## Task to complete
When you reach the line containing "Kr.C.M. III.1849, Fr.Drässler", start transcribing exactly and continue through the last line of the data, skipping every picture.

Available records START

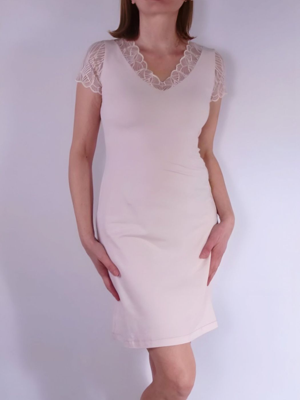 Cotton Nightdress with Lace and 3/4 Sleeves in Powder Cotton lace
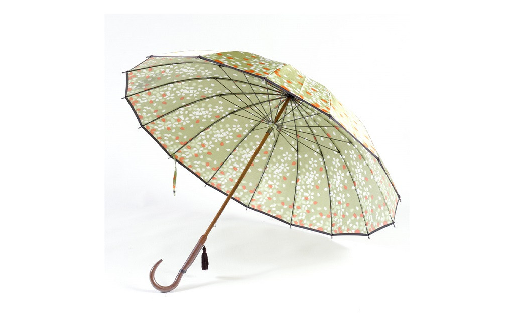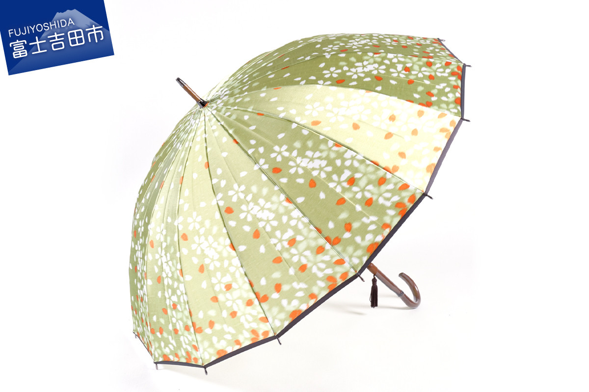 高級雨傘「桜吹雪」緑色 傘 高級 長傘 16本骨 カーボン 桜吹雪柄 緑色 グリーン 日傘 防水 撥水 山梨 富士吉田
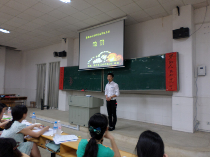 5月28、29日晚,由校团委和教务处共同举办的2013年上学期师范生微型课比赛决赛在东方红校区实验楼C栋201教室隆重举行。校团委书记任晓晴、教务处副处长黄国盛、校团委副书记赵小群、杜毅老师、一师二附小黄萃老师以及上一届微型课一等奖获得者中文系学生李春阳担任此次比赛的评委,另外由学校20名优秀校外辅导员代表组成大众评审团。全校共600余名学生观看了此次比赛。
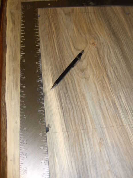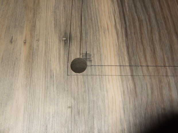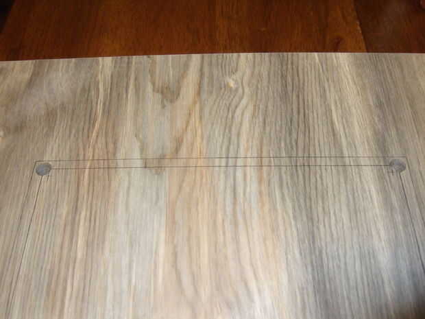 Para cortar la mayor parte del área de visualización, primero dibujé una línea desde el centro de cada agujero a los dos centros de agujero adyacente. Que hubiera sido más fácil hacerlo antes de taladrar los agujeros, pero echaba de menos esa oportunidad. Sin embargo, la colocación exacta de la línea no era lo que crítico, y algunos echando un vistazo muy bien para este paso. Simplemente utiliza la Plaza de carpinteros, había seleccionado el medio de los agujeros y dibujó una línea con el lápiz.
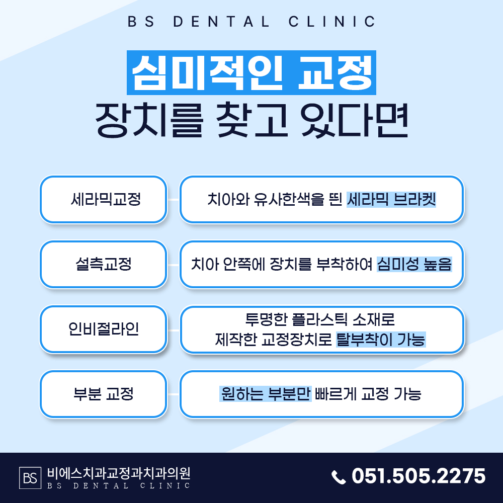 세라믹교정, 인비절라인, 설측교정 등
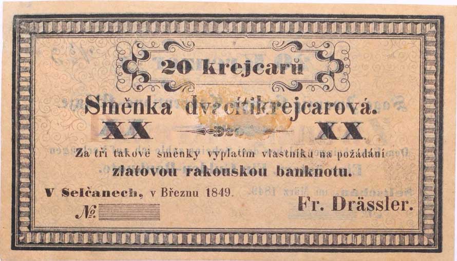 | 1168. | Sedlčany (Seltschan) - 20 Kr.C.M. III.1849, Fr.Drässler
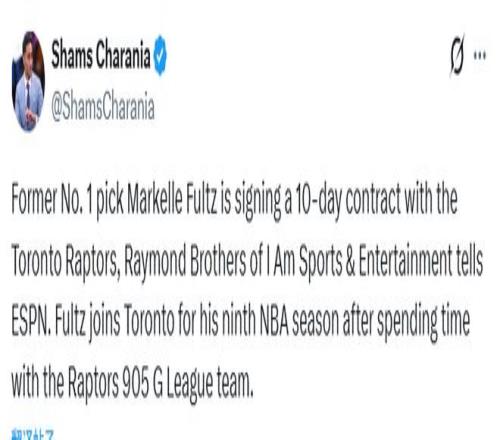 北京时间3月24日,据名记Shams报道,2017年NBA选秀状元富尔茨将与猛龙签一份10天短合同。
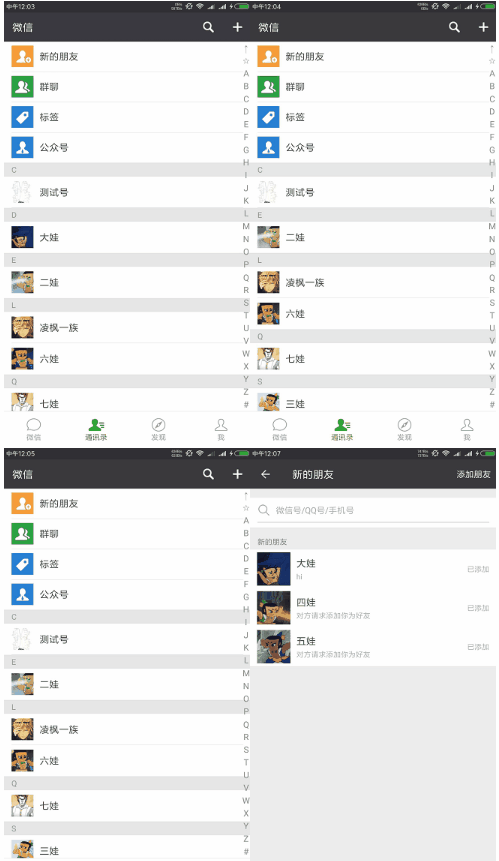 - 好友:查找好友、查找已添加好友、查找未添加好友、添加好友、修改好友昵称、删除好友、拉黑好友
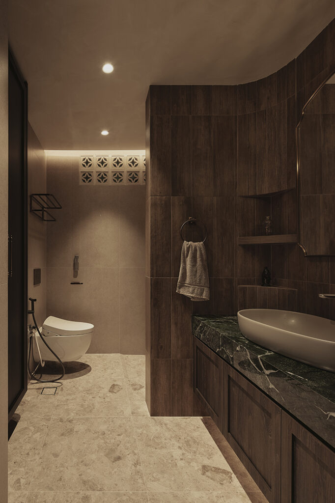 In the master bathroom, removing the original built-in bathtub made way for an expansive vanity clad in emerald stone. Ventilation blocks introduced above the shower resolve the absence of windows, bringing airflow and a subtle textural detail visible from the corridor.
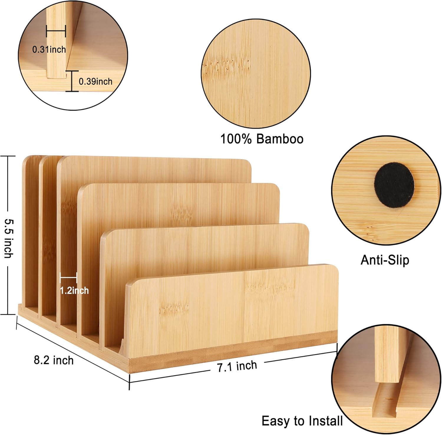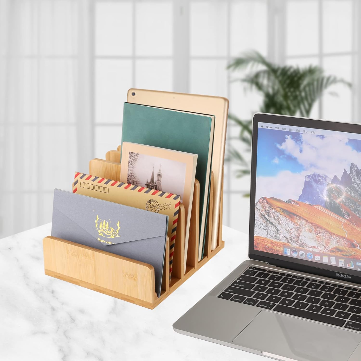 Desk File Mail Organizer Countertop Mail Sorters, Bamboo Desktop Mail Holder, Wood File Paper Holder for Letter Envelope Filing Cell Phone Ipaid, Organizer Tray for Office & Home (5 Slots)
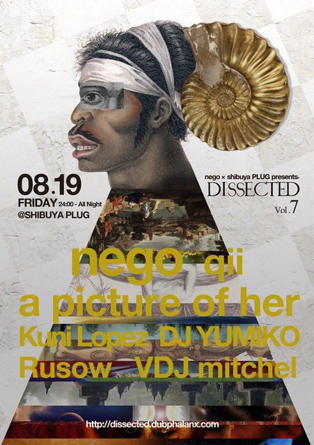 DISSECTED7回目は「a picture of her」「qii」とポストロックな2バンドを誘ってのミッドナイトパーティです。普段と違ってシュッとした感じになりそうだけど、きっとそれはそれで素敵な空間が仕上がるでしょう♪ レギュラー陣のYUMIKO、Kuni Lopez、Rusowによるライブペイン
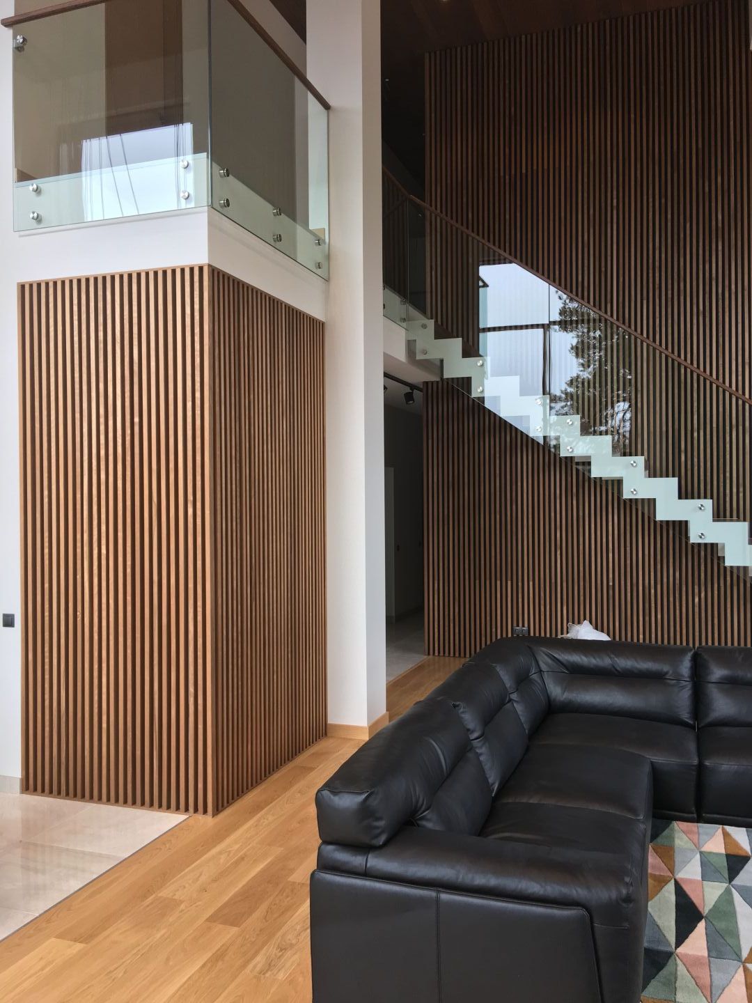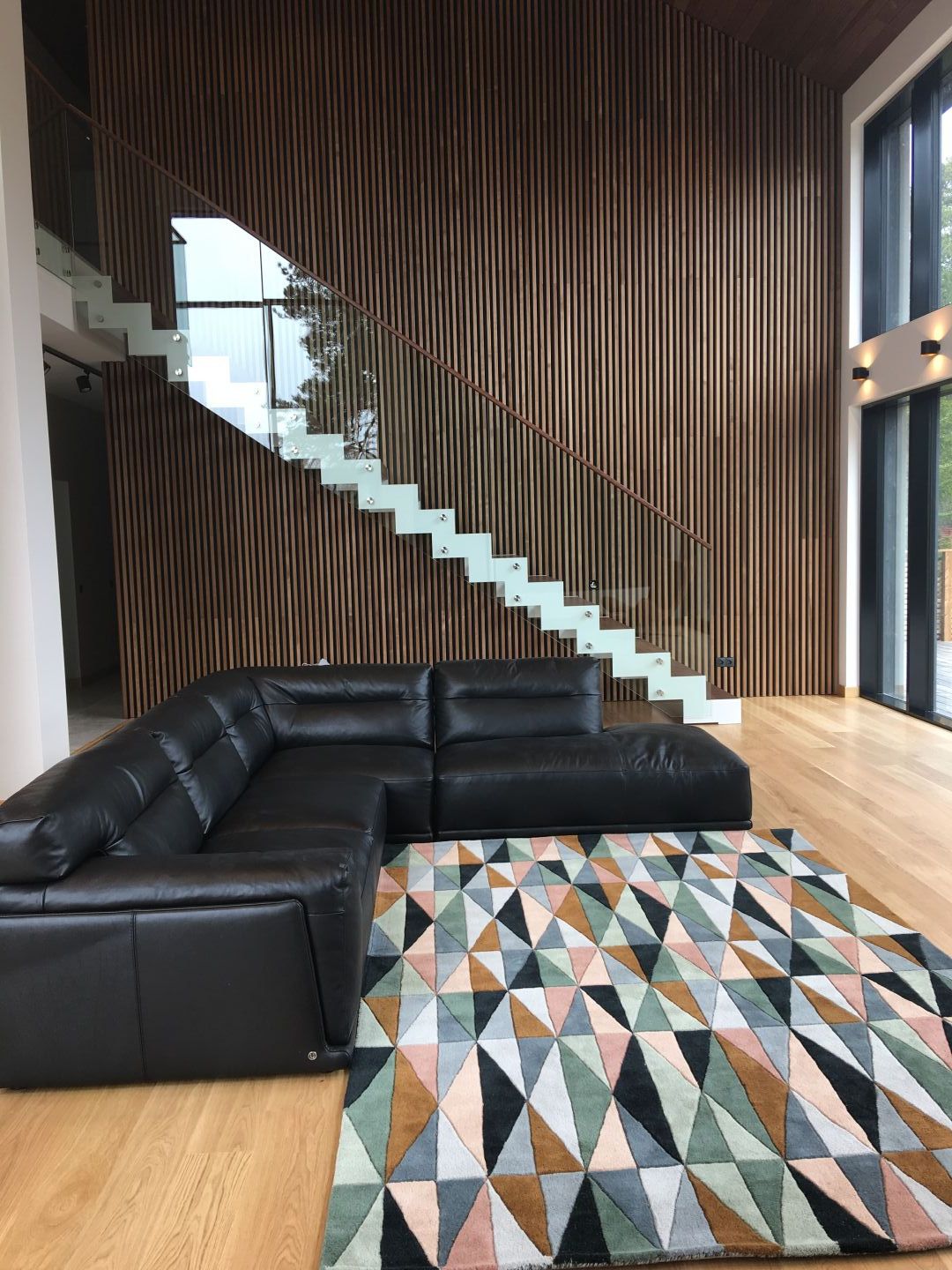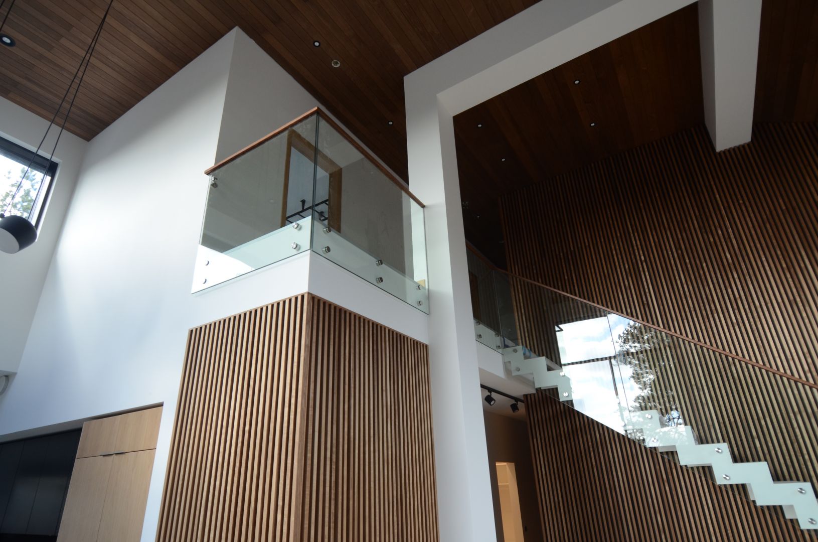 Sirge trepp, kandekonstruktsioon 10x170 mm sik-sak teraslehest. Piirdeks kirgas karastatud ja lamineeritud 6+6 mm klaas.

Available records END

## Exercise response
 | 1168. | Sedlčany (Seltschan) - 20 Kr.C.M. III.1849, Fr.Drässler
 北京时间3月24日,据名记Shams报道,2017年NBA选秀状元富尔茨将与猛龙签一份10天短合同。
 - 好友:查找好友、查找已添加好友、查找未添加好友、添加好友、修改好友昵称、删除好友、拉黑好友
 In the master bathroom, removing the original built-in bathtub made way for an expansive vanity clad in emerald stone. Ventilation blocks introduced above the shower resolve the absence of windows, bringing airflow and a subtle textural detail visible from the corridor.
 Desk File Mail Organizer Countertop Mail Sorters, Bamboo Desktop Mail Holder, Wood File Paper Holder for Letter Envelope Filing Cell Phone Ipaid, Organizer Tray for Office & Home (5 Slots)
 DISSECTED7回目は「a picture of her」「qii」とポストロックな2バンドを誘ってのミッドナイトパーティです。普段と違ってシュッとした感じになりそうだけど、きっとそれはそれで素敵な空間が仕上がるでしょう♪ レギュラー陣のYUMIKO、Kuni Lopez、Rusowによるライブペイン
 Sirge trepp, kandekonstruktsioon 10x170 mm sik-sak teraslehest. Piirdeks kirgas karastatud ja lamineeritud 6+6 mm klaas.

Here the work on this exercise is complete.